I have two identical lightbulbs, each is an IID exponential random variables with mean 1000 hours.
- How long does it take for the first bulb to burn out, on average?
- For the second to burn out, on average?
- Instead of using both of them simultaneously, I replace the first one after it burns out with the second out. How long on average until the second bulb burn out?
My Solutions
- $P(X > 1000) = e^{-\lambda t} = 0.368$
- $P(X + Y > 1000) = e^{-\lambda t}(1+\lambda t)$
- I don't know how to do this one, I'm thinking about Poisson but can't think of a way to set it up
Best Answer
Say we call our two bulb lifetimes $X$ and $Y$ and assume they are independent and identically distributed.
That the distributions of the lifetimes of light bulbs are memoryless does not seem plausible to me, but I'll play along.
We have $\Pr(X>x) = e^{-x/1000} = \Pr(Y>x)$.
So \begin{align} & \Pr(\min\{X,Y\} > x) = \Pr(X>x\ \&\ Y>x) = \Pr(X>x)\cdot\Pr(Y>x) \\[10pt] = {} & \Big( e^{-x/1000}\Big)^2 = e^{-x/500}. \end{align} This is an exponential distribution with expected value $500$, so that's how long it is on average until the first bulb burns out.

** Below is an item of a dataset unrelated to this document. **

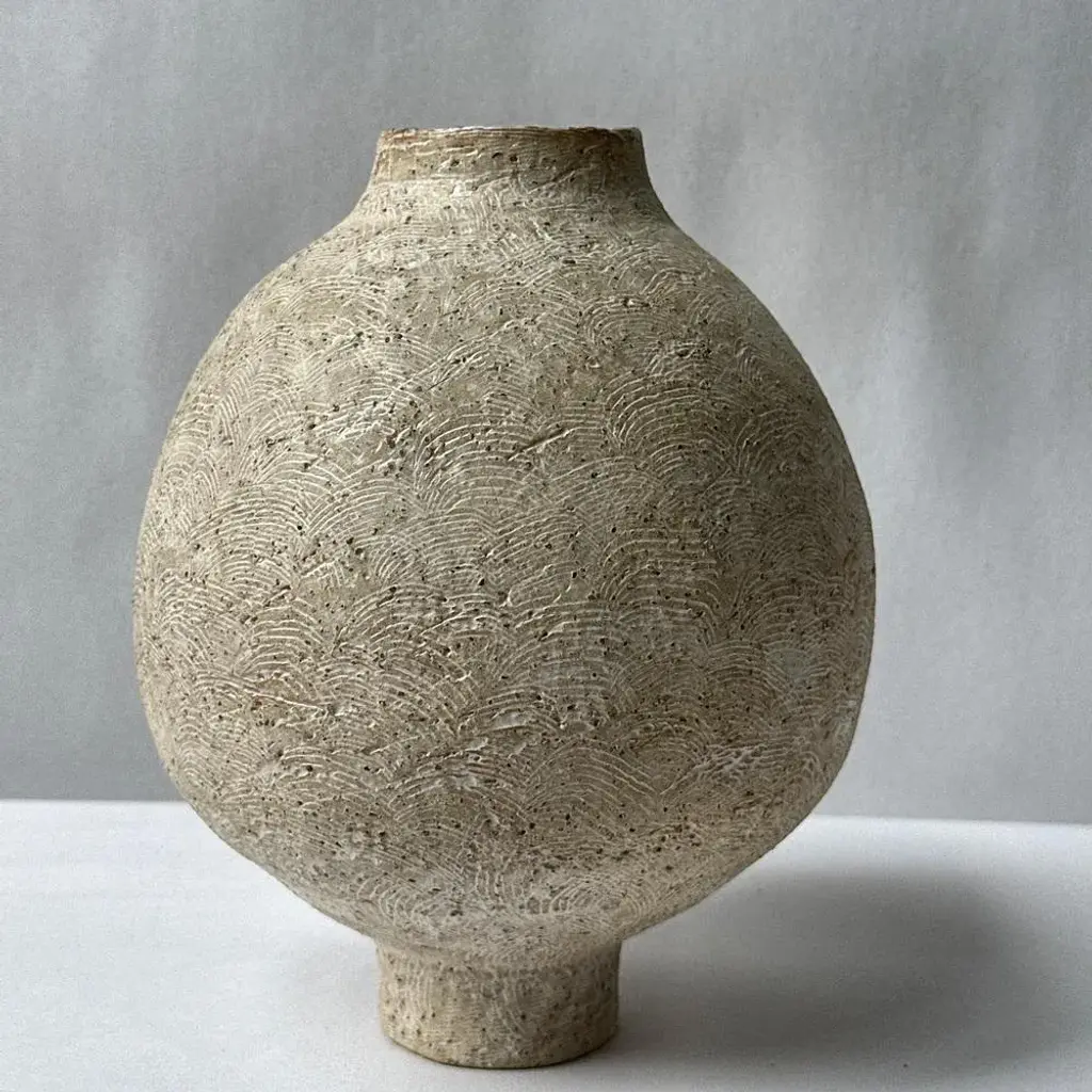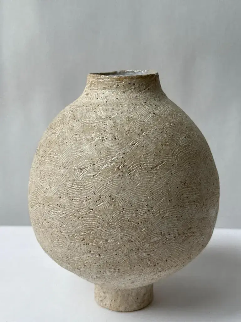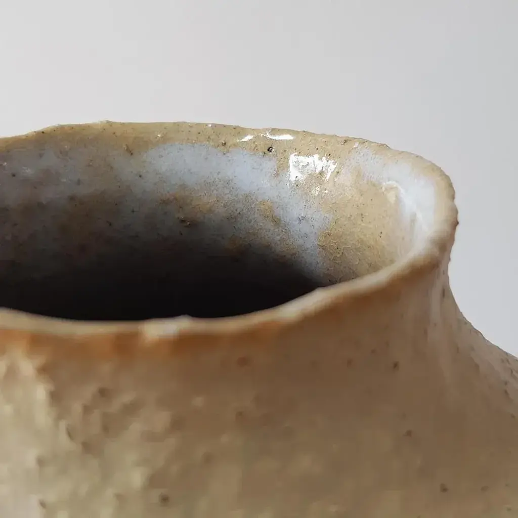 Beige Stoneware Coiled Moon Jar by Elena Vasilantonaki Unique Dimensions: ⌀ 23 x H 27 cm (Dimensions may vary) Materials: Stoneware, Earthenware Available finishes: Experimental Glazes, each one is unique
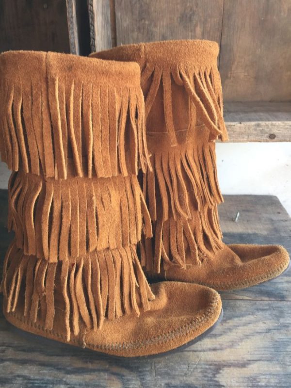 TALL SUEDE MINNETONKA TRIPLE FRINGE MOCCASIN BOOTS

The average time until they have both burned out is $\operatorname{E}(\max\{X,Y\})$. We have
\begin{align} & \Pr(\max < x) = \Pr(X<x\ \&\ Y<x) = \Pr(X<x) \cdot \Pr(Y<x) \\[10pt] = {} & (1-e^{-x/1000})^2 = 1 - 2e^{-x/1000} + e^{-x/500} \end{align} So the density function is $$ f_{\max} (x) = \frac d {dx} \left( 1 - 2e^{-x/1000} + e^{-x/500} \right) = 2\cdot\frac 1 {1000} e^{-x/1000} - \frac 1 {500} e^{-x/500} \text{ for } x>0. $$ Since this density is $2$ times the density of an exponential distribution with mean $1000$ minus an exponential distribution with mean $500$, we get \begin{align} & \int_0^\infty x f_{\max}(x)\,dx \\[10pt] = {} & 2\int_0^\infty x\cdot(\text{that first density})\,dx - \int_0^\infty x\cdot(\text{that second density}) \,dx \\[10pt] = {} & 2\cdot1000 - 500 = 1500. \end{align}
The answer to the third question is merely the sum of the two averages: $1000+1000=2000$.